Figure 2. Representative examples of the THM-GC-MS chromatograms.

Chromatograms are shown for A: M. tuberculosis, B: M. avium, C: M. marinum, D: M. kansasii.

In the samples from South Africa (Testset-2), using THM-GC-MS and our 20-compound model, all 12 NTM isolates were correctly identified (see Table 5). Eighty of the 91 MTB (88%) isolates were classified correctly. The remaining 11 isolates (identified by the Bioline test and 16S rRNA sequencing as belonging to the MTB complex) were misclassified as NTM by our model. For Testset-2, the sensitivity was 88%, specificity was 100% and accuracy was 90%. The poorer performance of our model with these samples can be attributed to the very different geographical origin of the samples used for the training set and the test set. The samples from the training set came from the Netherlands whereas the samples from the test set came from South Africa. The fingerprint patterns of the normalized areas of the 20 compounds are given for some representative strains from South Africa in Figure 3. In Figures 3a and b, two different MTB strains are shown and the pattern of an NTM is shown in Figure 3c. All three were correctly classified in our model. Five of the 11 misclassified MTB isolates are shown in Figure 3d–3h. These strains were rich in compound 3 with concentrations ≥ 60%. The concentrations of the mycocerosate marker compounds 17–20 were very low. The β-coefficient values of the 20 compounds in Table 3 show that hexacosanoic acid (compound 16) and the mycocerosate markers (17–20) are important markers for the MTB complex. In the strains shown in Figure 3d-3h the low levels of these markers resulted in their misclassification as NTM strains. It is relevant to note that our model uses information about all 20 compounds. However, the most important compounds for the identification of MTB are compounds 16–20. If these are present in an MTB strain at very low levels or are below the detection limit, the model will misclassify the MTB as NTM.

Figure 3. Fingerprint patterns of the normalized areas of the 20 markers in samples from South Africa.

The graph shows the fingerprint patterns of the normalized areas of 20 marker compounds in different mycobacteria from South Africa with two representative M. tuberculosis strains (A & B), one representative NTM strain M. intracellulare (C), five misclassified M. tuberculosis strains (D–H). Note the high value of compound 3 and the low values of compound 17–20. Compounds 1–20 are identified in Table 3.

Table 5. Results of the analysis of 103 primary isolates from patients from Stellenbosch, South Africa using THM-GC-MS and the 20-compound model.

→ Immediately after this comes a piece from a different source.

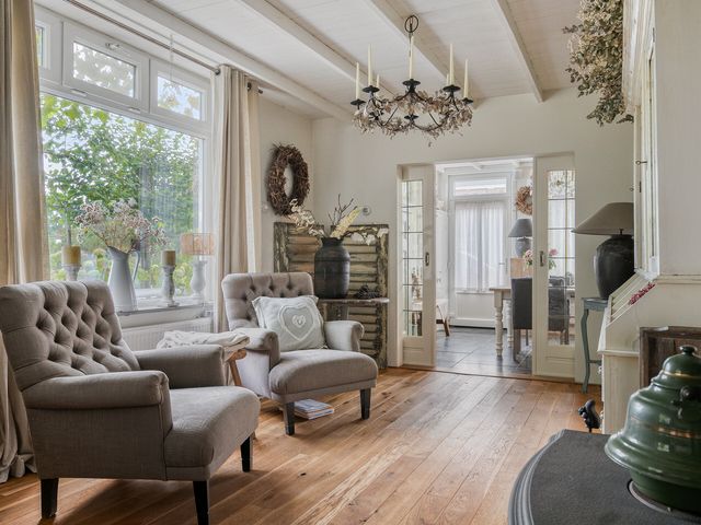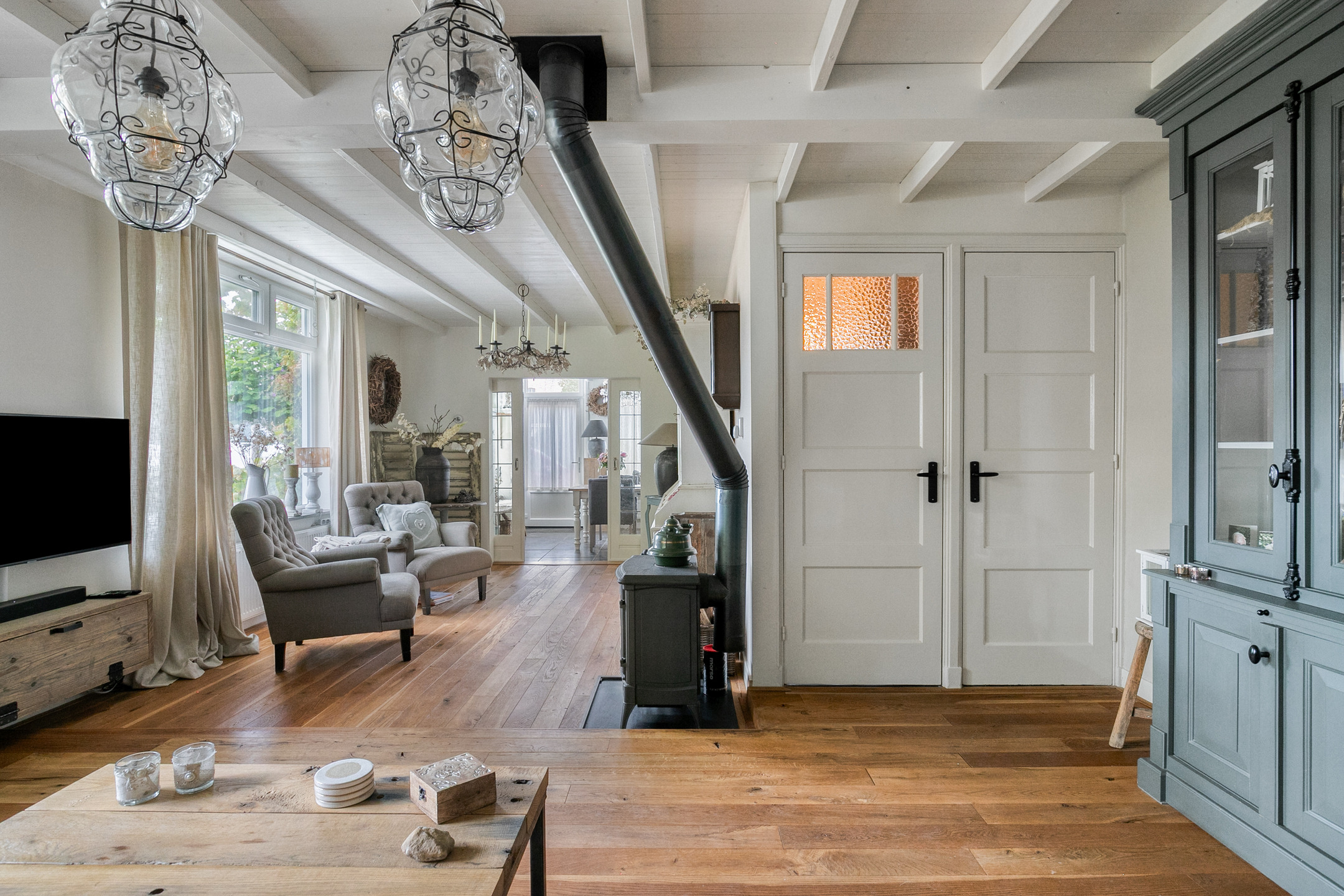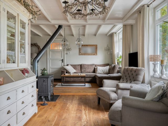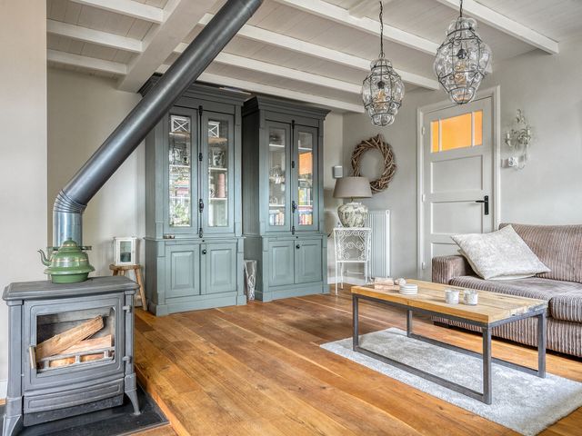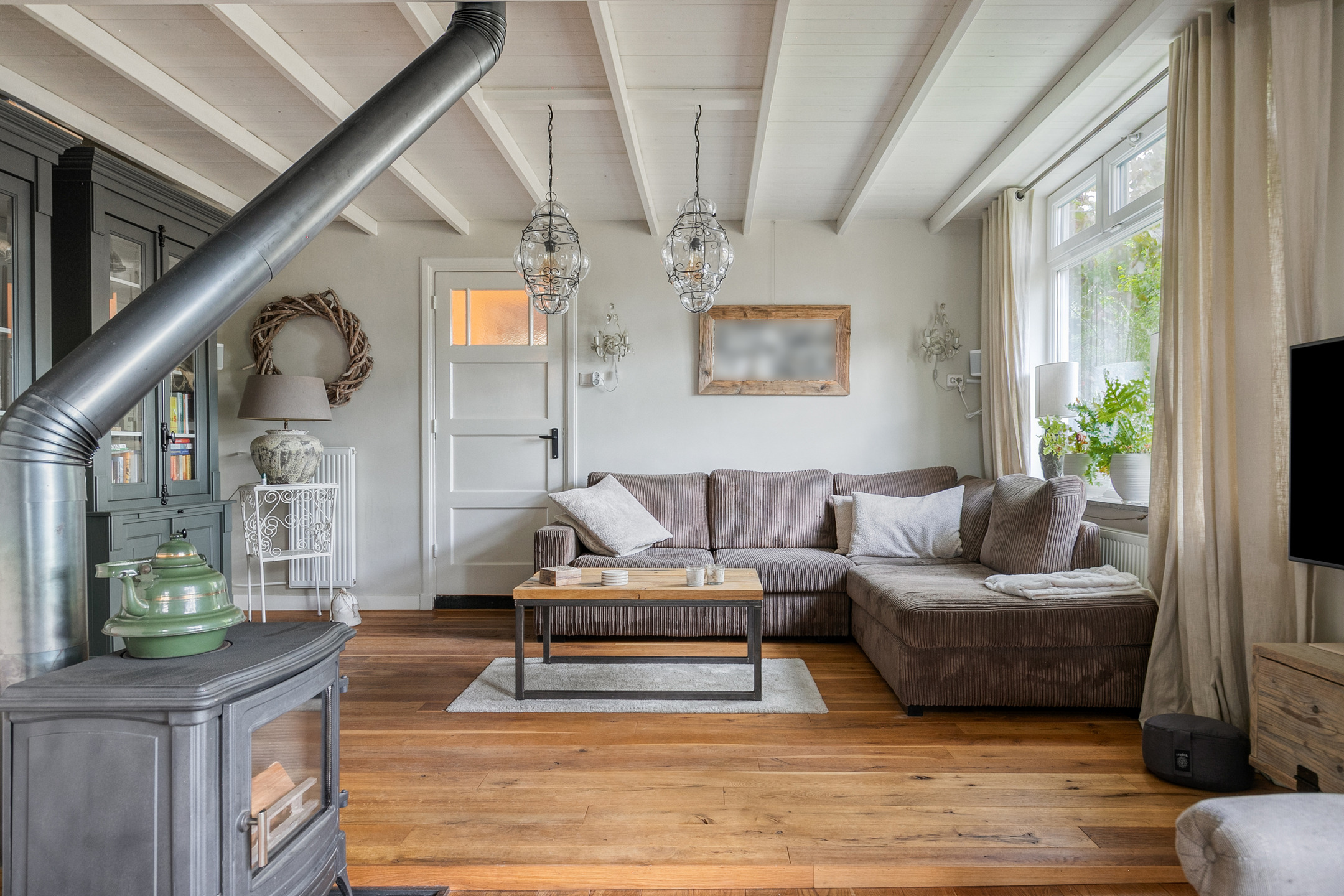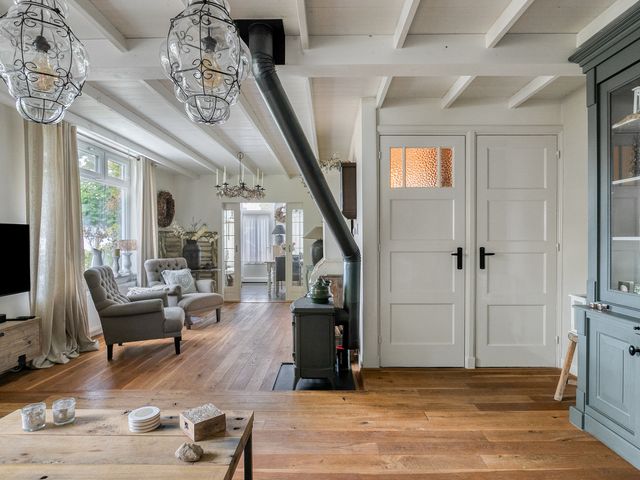De woonkamer voelt direct warm en uitnodigend aan. Het karakter van de jaren ’30 komt hier prachtig tot uiting dankzij de houten vloer, het balkenplafond en de houtkachel die zorgt voor een knusse sfeer tijdens de koudere dagen. De ruimte is royaal en biedt volop mogelijkheden om meerdere zithoeken te creëren, bijvoorbeeld een gezellige tv-hoek en een apart gedeelte om rustig te lezen of te borrelen. Grote raampartijen zorgen daarnaast voor veel daglicht, waardoor de kamer licht en luchtig aanvoelt.

The mycocerosate markers 13, 14, 17–20 (Table 3) have also been found by other researchers to be relevant MTB markers [19], [20]. However, we have found some of these markers are also present in some other pathogenic and opportunistic mycobacteria such as M. kansasii, M. marinum, M. gastri, M. ulcerans and M. leprae. Mycocerosates are multimethyl branched fatty acids present in phthiocerol dimycocerosates (PDIMs), diacyltrehaloses (DATs), polyacyltrehaloses (PATs) and phenolphthiocerol dimycocerosates (PGLs) [21] and are released by the THM treatment [18]. The PDIMs are highly stable waxes, composed of mixtures of long-chain mycocerosic acids esterified to the phthiocerols, long-chain C34 and C36 diols [20]. The differences in the amount of PDIMs in various M. tuberculosis strains and the fact that PDIMs are also present in a few strains of NTM may potentially give rise to confusion if PDIMs alone are used as the feature to distinguish MTB from NTM. Recently, O'Sullivan and coworkers used THM-GC-MS to look for mycoserates (with markers corresponding with our compounds 17–20) in sputum [22]. Their method had a sensitivity of only 61% with a specificity of 71% to detect MTB in 395 sputum samples from Zimbabwe [22]. Our own study suggests that this rather poor sensitivity may be due to the very low levels of mycocerosates found in some MTB strains. On the other hand, as noted by O'Sullivan and coworkers, the presence of high levels of matrix compounds from sputum which elute at similar retention times can easily result in false positive and false negative results, and hence a low specificity and sensitivity [22]. With sputum, overloading of the GC-MS is a potential problem and the inherent lack of robustness of GC-MS may render the approach, as it stands, unsuitable for routine use in diagnostic laboratories.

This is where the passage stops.